His fist glowed. The air trembled.
— This is how I move.
He smashed his wind-forged fist into the dragon’s stone cheek. A shard of mineral broke free, and a thin fissure spread across the black rock.
Darak’Thar stared at him, unmoving.
Then he laughed. A deep, ancient, rocky roar.
— Ah… ah hah hah… You remind me of your grandfather.
— Me, weak physically? Garlan smirked. I’d say I’m holding my own pretty well.
Darak gave no answer. He simply raised a single claw. Slow. Majestic. And tapped.
Not a strike. Merely the tip of his claw, casual, almost lazy.
But the impact was monstrous.
Garlan was hurled sideways, smashing through a rocky outcrop dozens of meters behind. His body slammed into stone, carving a bloody trail, his chest torn open in a deep, clean gash.

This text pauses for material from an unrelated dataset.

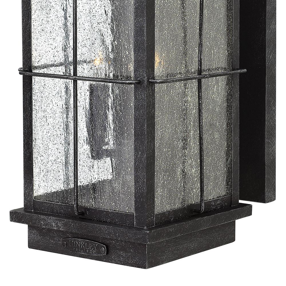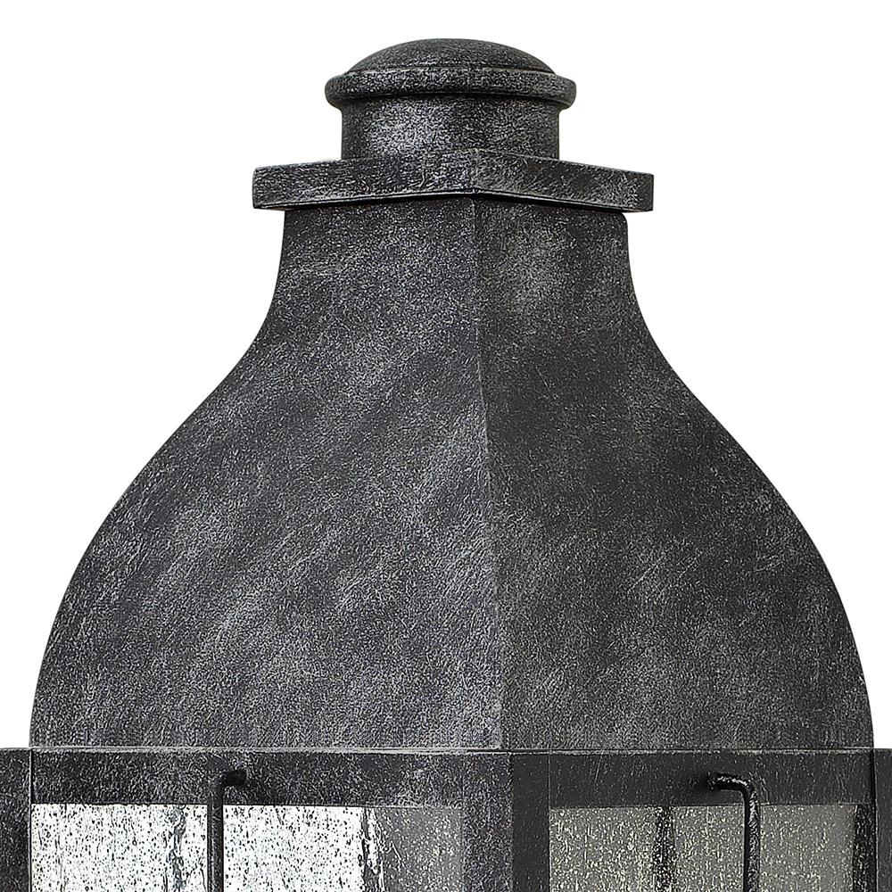 Bingham’s traditional style recalls a turn-of-the-century gas light reproduction. The vintage look is nautical in nature and recognizes Hinkley’s origins on the shores of Lake Erie. The aluminum construction features clear seedy glass and a Greystone or Sienna finish, while candelabra bulbing completes the authentic style.

He hit the ground. And did not rise.
— GARLAN! Marenna screamed.
She rushed to him, hands already blazing with light. But seeing him like this—unconscious, half-eviscerated—snapped something inside her.
Her breath hitched. Her mana spun wildly, first like spores, then like a wave of unchecked growth.
She rose slowly, eyes glowing with a luminescent green, her form wrapped in furious roots and vines she no longer controlled.
— YOU STRUCK HIM TOO HARD!
With a cry of rage, she leapt, propelled by a surge of wild mana. Midair, she summoned colossal roots, thick as tree trunks, tearing through stone with a thunderous roar.
They coiled around Darak’Thar’s massive legs, straining, pulling in opposite directions, as though to rend him apart.
The Primordial staggered, his colossal bulk collapsing to the ground in a detonation that shook the valley. A seismic wave split cliffs, fractured earth.
The ground still trembled.
And in the midst of it all, Darak’Thar erupted into laughter. Deep. Rocky. Almost pleased.
— Ah hah hah… You caught me off guard, little dryad. But I acknowledge your strength.